FWIW here is another way to do it (which is approximately what ClamAV does currently) by introducing just one intrinsic:
declare i1 @llvm.is_bigendian()

why is an intrinsic needed? It is easy to write a small LLVM IR function
that computes this. For example:

define i1 @is_big_endian() {
   %ip = alloca i16
   store i16 1, i16* %ip
   %cp = bitcast i16* %ip to i8*
   %c = load i8* %cp
   %r = icmp eq i8 %c, 0
   ret i1 %r
}

Ciao, Duncan.

Hi Edwin,

FWIW here is another way to do it (which is approximately what ClamAV does currently) by introducing just one intrinsic:
declare i1 @llvm.is_bigendian()

why is an intrinsic needed?

You are right its not.

It is easy to write a small LLVM IR function

that computes this.
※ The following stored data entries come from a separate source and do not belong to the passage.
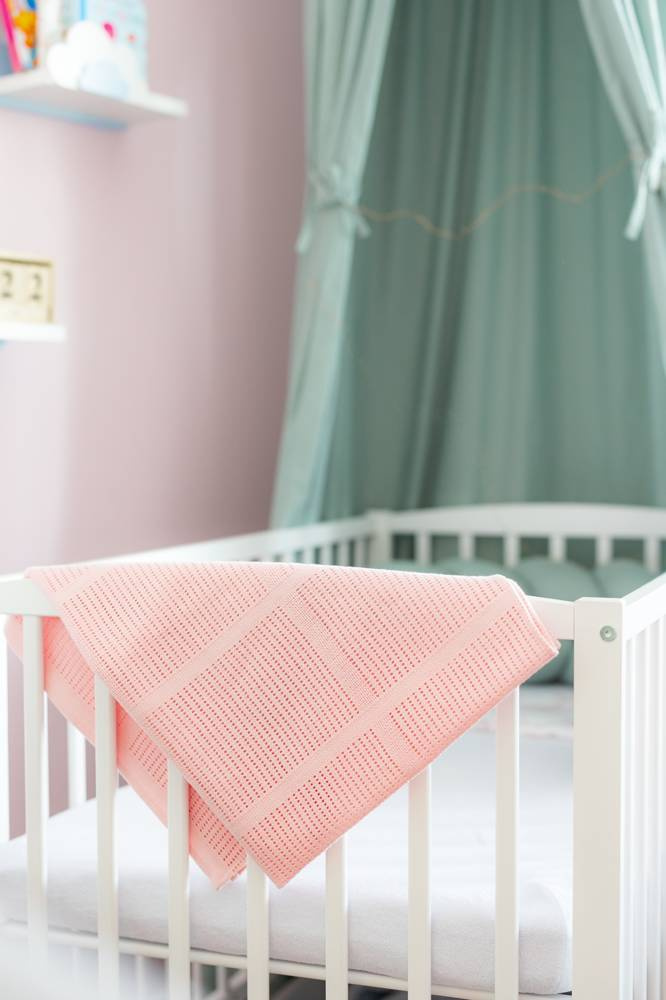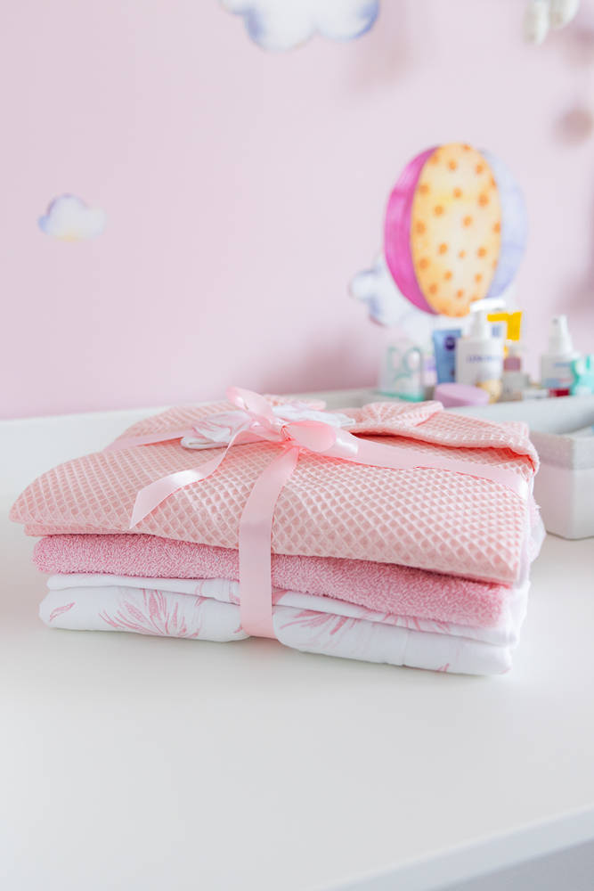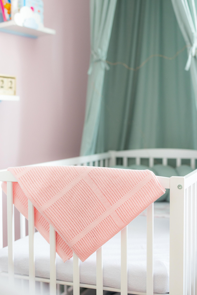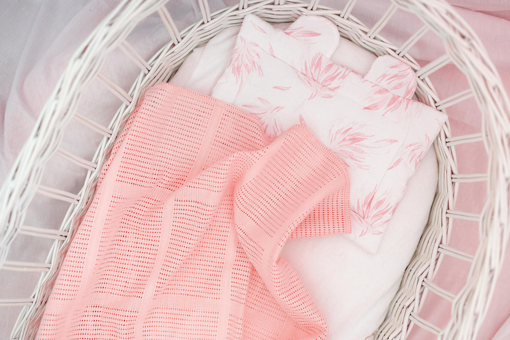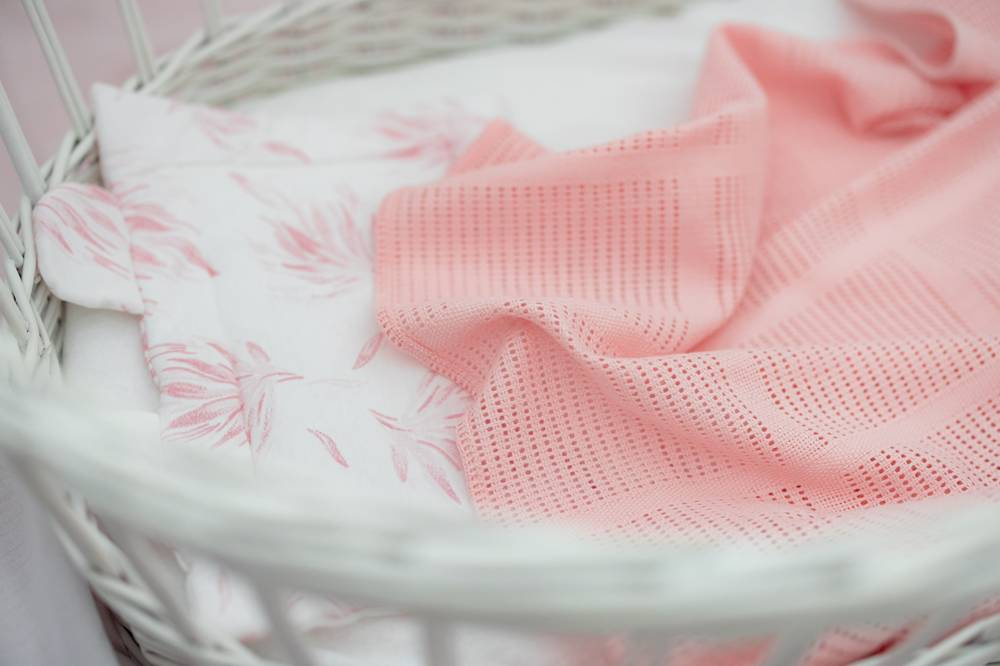 Dwustronny kocyk wykonany z wysokiej jakości bawełny. Z jednej strony delikatny wzór w piórka, z drugiej dzianina o strukturze wafla.
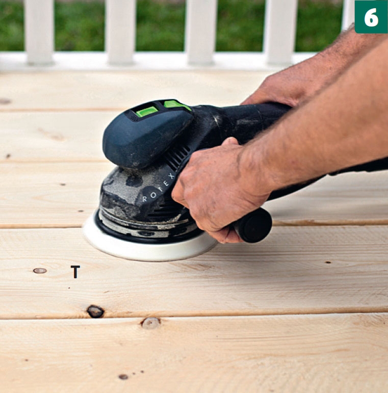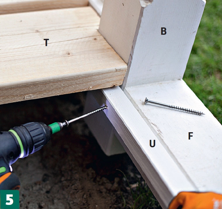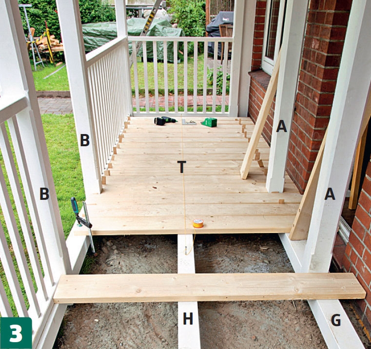 Sahaa lattialaudat (T) ja ruuvaa ne kiinni palkkeihin 6x80 millin ruuveilla. Aloita keskeltä ja etene molempiin suuntiin. Käytä lautojen välissä sopivaa kapulaa, jotta raoista tulee saman kokoiset. Tämän terassin raoista tulee viisi milliä leveät.
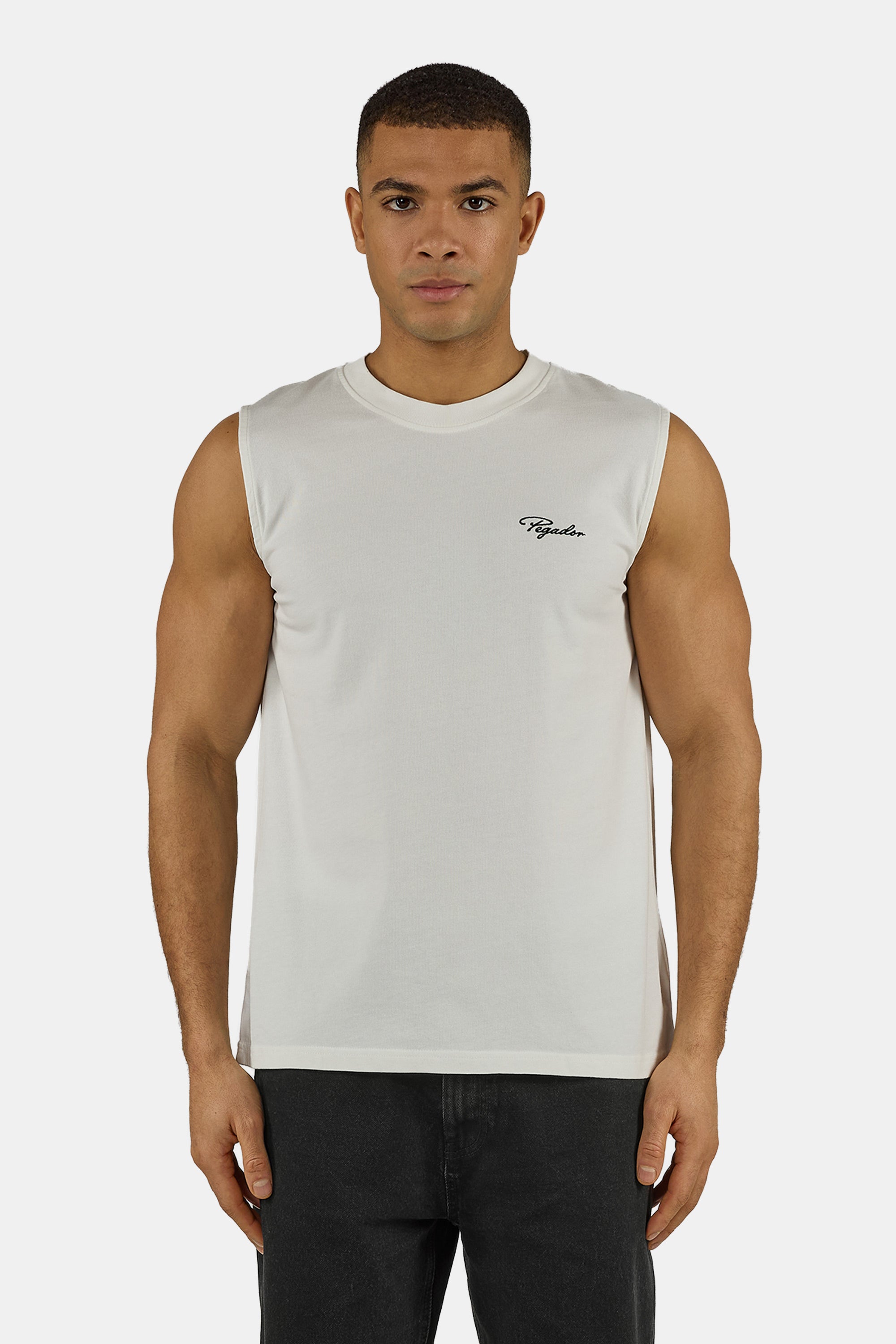 - washed warm white sleeveless tee
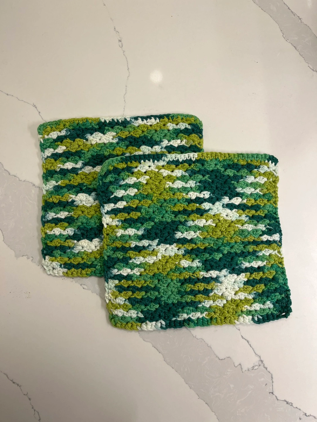 Brand new and hand made pair of dish cloths. When dirty, they can be thrown in the washing machine for multiple uses. Great for scrubbing dishes.
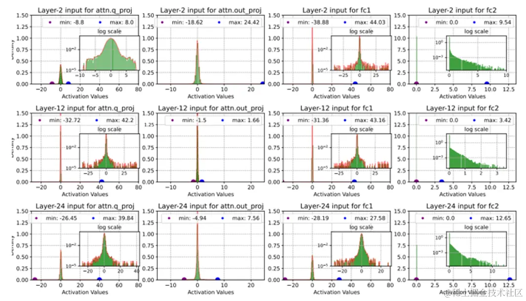 有学者针对这一问题专门做了验证,如下图,他把模型推理过程中的激活值都提取了出来,分别在第2层、第12层、第24层做了采样。我们可以看到无论是在 attention 阶段还是在 FFN 阶段,各个模型层的激活值都有显著的近似正态分布的性质(当然这里面也会有一些极少量的离群值,这些值可以在具体的量化方案中做特殊的处理)。

For example:

define i1 @is_big_endian() {
   %ip = alloca i16
   store i16 1, i16* %ip
   %cp = bitcast i16* %ip to i8*
   %c = load i8* %cp
   %r = icmp eq i8 %c, 0
   ret i1 %r
}

Indeed that can be optimized away, but it needs inlining to be run to make the callers completely go away.

Best regards,
--Edwin

From: llvmdev-bounces@cs.uiuc.edu [mailto:llvmdev-bounces@cs.uiuc.edu]
On Behalf Of Török Edwin
Sent: Monday, October 03, 2011 2:00 PM
To: llvmdev@cs.uiuc.edu
Subject: Re: [LLVMdev] [RFC] Proposal to make LLVM-IR endian agnostic

> One of the projects I am working on with others is to make LLVM-IR
endian agnostic.
>
>
>
> So, I am sending out this proposal for feedback to the LLVM
community. I've attached
>
> pretty version of the proposal in PDF format and pasted a 80-column
safe text version
>
> below.
>
>
>
> A second smaller set could be:
>
> declare <type> @llvm.portable.load.<type>(<type>* ptr, i32 alignment,
>
> i1 host, i1 littleEndian, i1 atomic, i1 volatile,
>
> i1 nontemporal, i1 singlethread)
>
>
>
> declare void @llvm.portable.store.<type>(<type> data, <type>* ptr,
>
> i32 alignment, i1 host, i1 littleEndian, i1 atomic, i1 volatile,
>
> i1 nontemporal, i1 singlethread)

FWIW here is another way to do it (which is approximately what ClamAV
does currently) by introducing just one intrinsic:
declare i1 @llvm.is_bigendian()

[Villmow, Micah] I think the big difference in our requirements is that we can have both big endian(host) and little endian(device), or vice versa, accesses to the same pointer. So a global is_bigendian intrinsic would not work for what we are attempting to accomplish.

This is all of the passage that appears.